Comment concevoir d’élire des conseillers départementaux au scrutin majoritaire pour constituer le Conseil départemental et à nouveau d'élire des représentants départementaux différents au scrutin proportionnel pour constituer le Conseil régional ? C'est en fait un scrutin anachronique qui favorise l'abstention que la gent politique de droite et de gauche regrettera en chœur au soir du 20 juin sur tous les plateaux télé !
Bien plus rationnel serait d'élire des conseillers départementaux dans le cadre de circonscriptions départementales qui pourraient ensuite constituer le seul conseil régional qui se verrait attribuer toutes les prérogatives du Conseil départemental.
Réduire le millefeuille administratif
La question de la suppression des conseils départementaux trotte dans les esprits depuis longtemps. La France compte en effet aujourd’hui 6 strates administratives : état, régions, départements, intercommunalités, métropoles, communes et même 7 strates si l’on y ajoute l’échelon européen alors que la plupart des pays modernes en comptent beaucoup moins, par exemple 3 strates seulement aux Etats-Unis !
Le département est une division administrative, mise en place sous la Révolution française par le décret du 22 décembre 1789 pris par l'Assemblée constituante. Au nombre de 96 pour la métropole et 4 pour l’Outre-Mer, ils se trouvent dotés d’un préfet, d’une préfecture et de son administration, du Conseil général (appelé maintenant Conseil départemental), de ses élus et de son personnel de gestion. Mais le législateur ne s’est pas contenté d’en rester là et les départements se subdivisent encore en cantons, arrondissements et pays !
En 2002, Jean-Pierre Raffarin initia « l’acte 2 de la décentralisation » et esquissa l’idée que l’armature territoriale française devait reposer sur le couple Etat-Région, développant ainsi les propos tenus par Jacques Chirac dans un discours tenu à Rennes d’où il ressortait qu’il y avait trop de collectivités locales en France.
En 2008, la commission pour la libération de la croissance, dite « commission Attali », avait fait 316 propositions parmi lesquelles la disparition progressive de l’échelon départemental pour éviter des gaspillages financiers énormes et améliorer l’efficacité de la gestion publique.
En 2010, proposée à Nicolas Sarkozy via la commission Balladur, la disparition des départements intéressa fort l’ancien Président mais devant l’opposition des élus locaux, y compris de son propre camp, il se contenta seulement de créer le conseiller territorial. Ce nouvel élu devait être, à partir de 2014, une même personne élue à la fois au Conseil départemental et au Conseil régional. Ceci correspondait à une fusion des élections des représentants de la région et du département, modification décidée dans le cadre de la réforme des collectivités territoriales et de la loi du 16 décembre 2010.

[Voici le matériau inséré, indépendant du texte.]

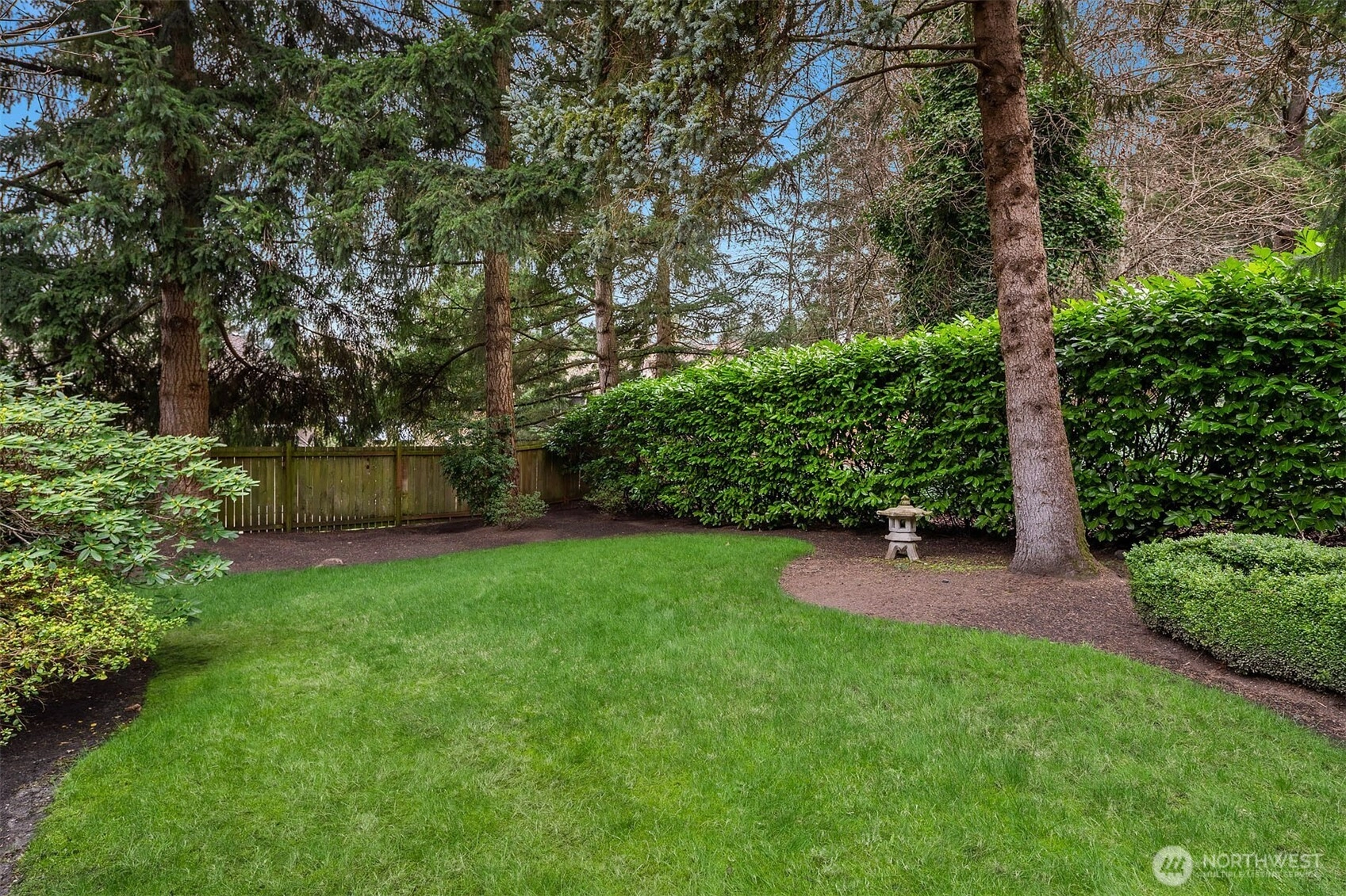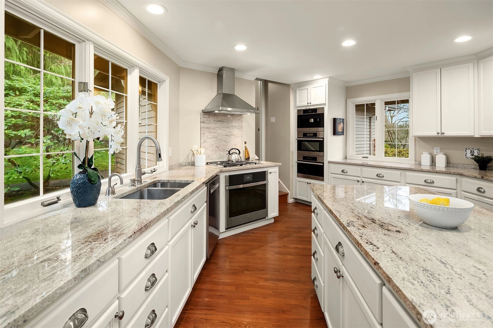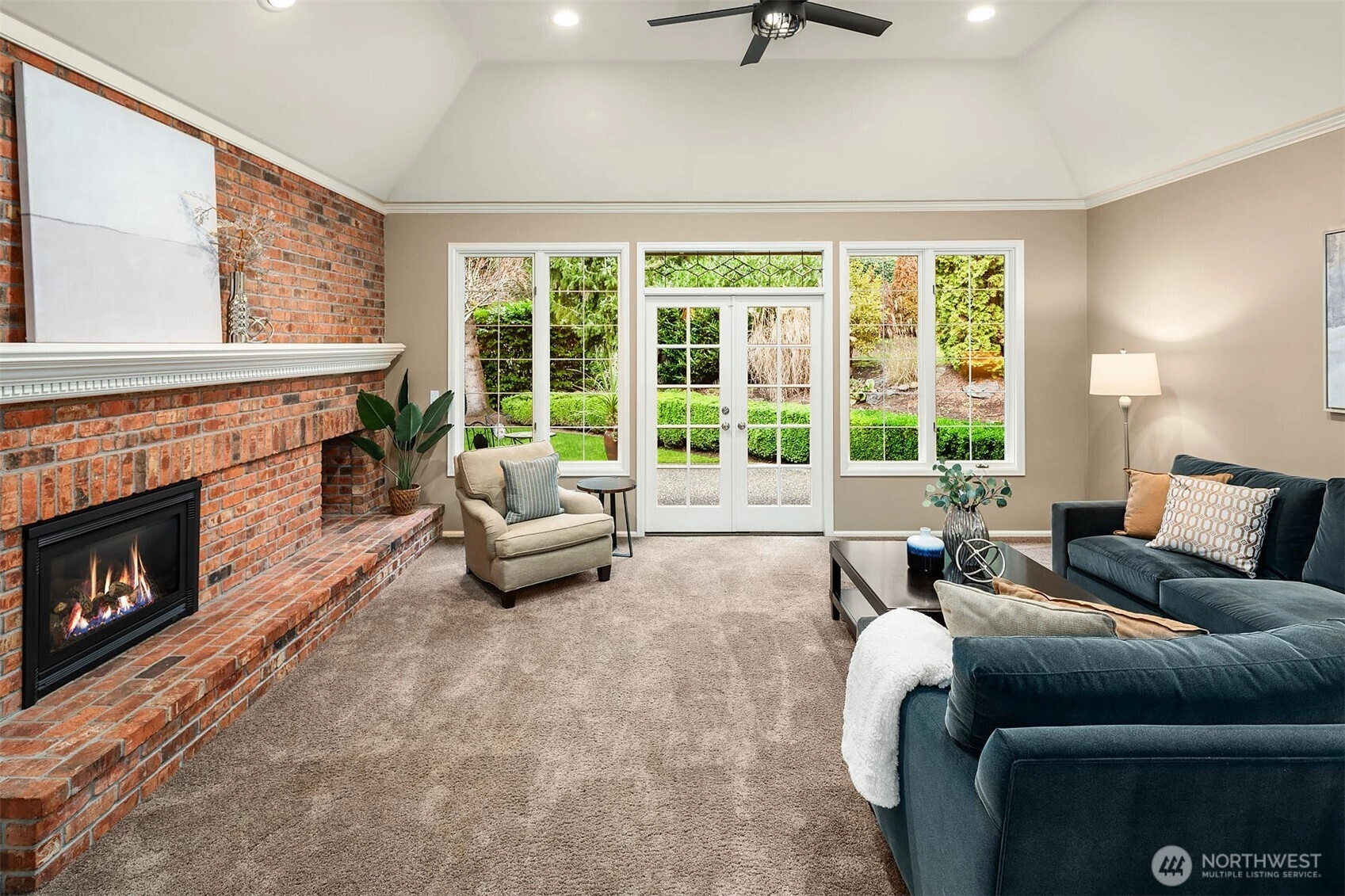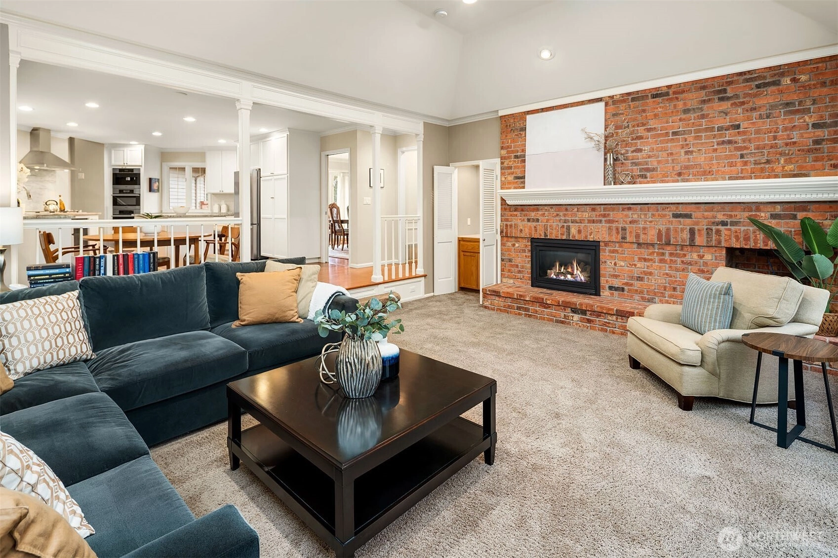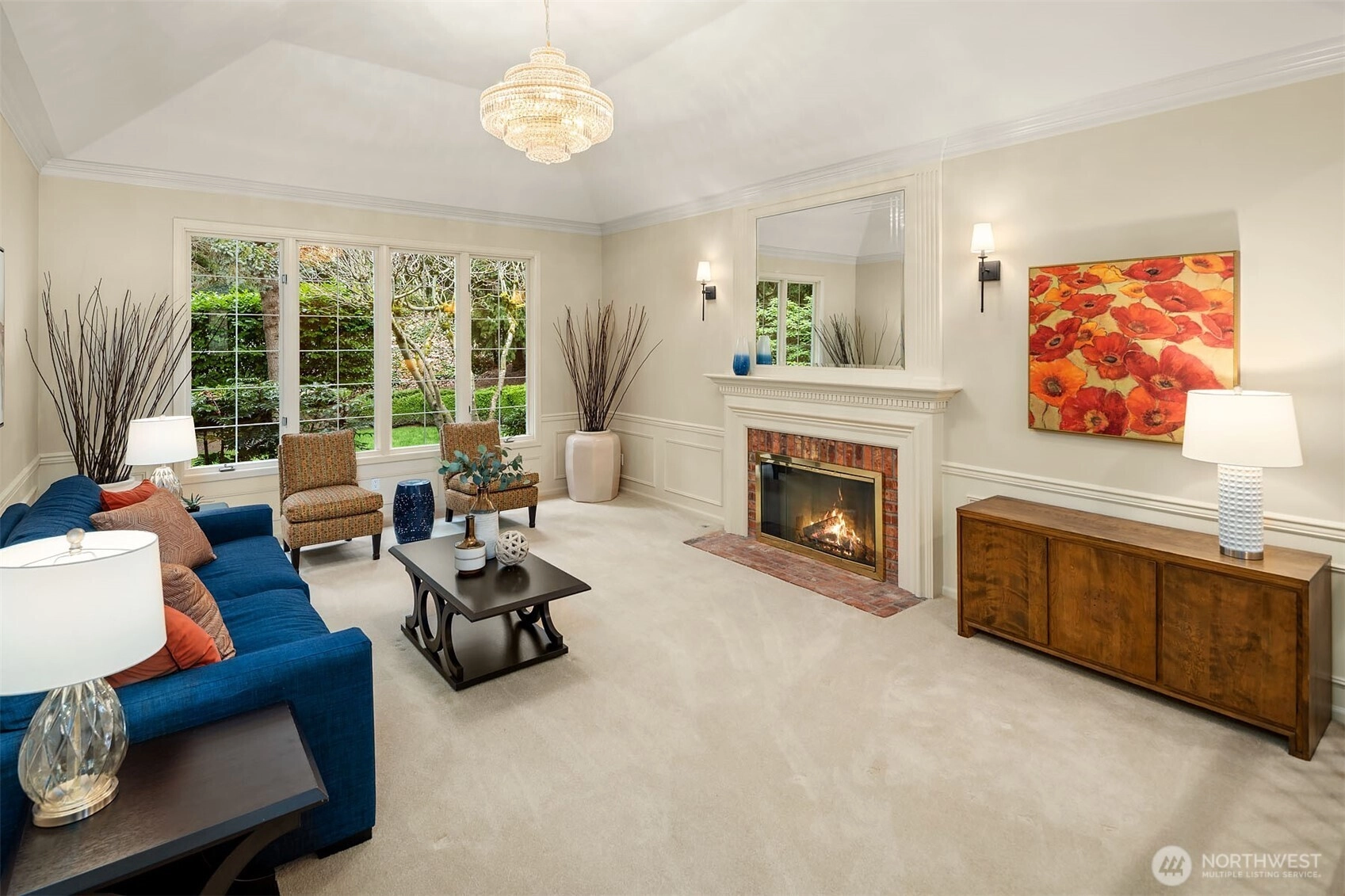 A classic John Buchan home, this beautifully maintained rambler showcases quality craftsmanship and convenient one-level living. An inviting entry opens to the formal living spaces including the living room with a soaring coved ceiling, gas fireplace, and expansive window overlooking the backyard, and the dining room with coffered ceiling and a bay window to the charming front courtyard. The updated kitchen is thoughtfully designed with slab granite countertops, a center island with breakfast bar, stainless steel appliances including a built-in espresso machine and steam oven, and a casual dining area with French doors to a private patio. The adjacent family room creates a warm gathering space with a striking brick fireplace and French doors leading to a 2nd patio for seamless indoor-outdoor living. A private bedroom wing offers a spacious primary suite with large walk-in closet, picture window, and beautifully remodeled 5-piece bath featuring heated floors, dual vanities, soaking tub, and a walk-in shower. 3 additional bedrooms and a full bath provide flexibility for guests, work, or hobbies. Professionally landscaped grounds surround the home, highlighted by a welcoming front courtyard with water feature, 2 patios, and a level lawn. Nestled in the quaint Sablewood community backing to Bridle Trails State Park, residents enjoy over 480 acres and 28 miles of scenic recreational trails, while remaining close to top employers, shopping, and freeways for an easy commute.

Mais en 2012, même ce timide pas en avant a été remis en cause par le gouvernement de François Hollande qui a déposé un projet de loi relative à l'abrogation du conseiller territorial et qui modifie plusieurs dispositions du code électoral : le principe de la désignation de binômes homme-femme dans chaque canton, la division par deux de leur nombre (ramené de 3971 à 2054) et le report après 2014 des élections départementales et régionales.
Si de nombreux élus pointent bien les anomalies flagrantes de l’organisation politico-administrative de la France, ils ne vont pas cependant jusqu’à remettre en cause l’échelon départemental. L'argument fallacieux que l'on entend le plus souvent est que si l'on supprime le département, il n’y aura plus aucun lien de proximité avec les citoyens. Or, si la région se voyait conférer toutes les compétences exercées par le conseil départemental, des points relais et permanences du Conseil régional pourraient très bien être installés dans tous les départements et villes importantes.
Mais le lobby des présidents de départements est très puissant et dispose de plusieurs relais, notamment au Sénat où élus de gauche et de droite se sont entendus depuis longtemps pour que les conseillers départementaux conservent leurs prérogatives et les avantages pécuniers et matériels liés à leur mandat.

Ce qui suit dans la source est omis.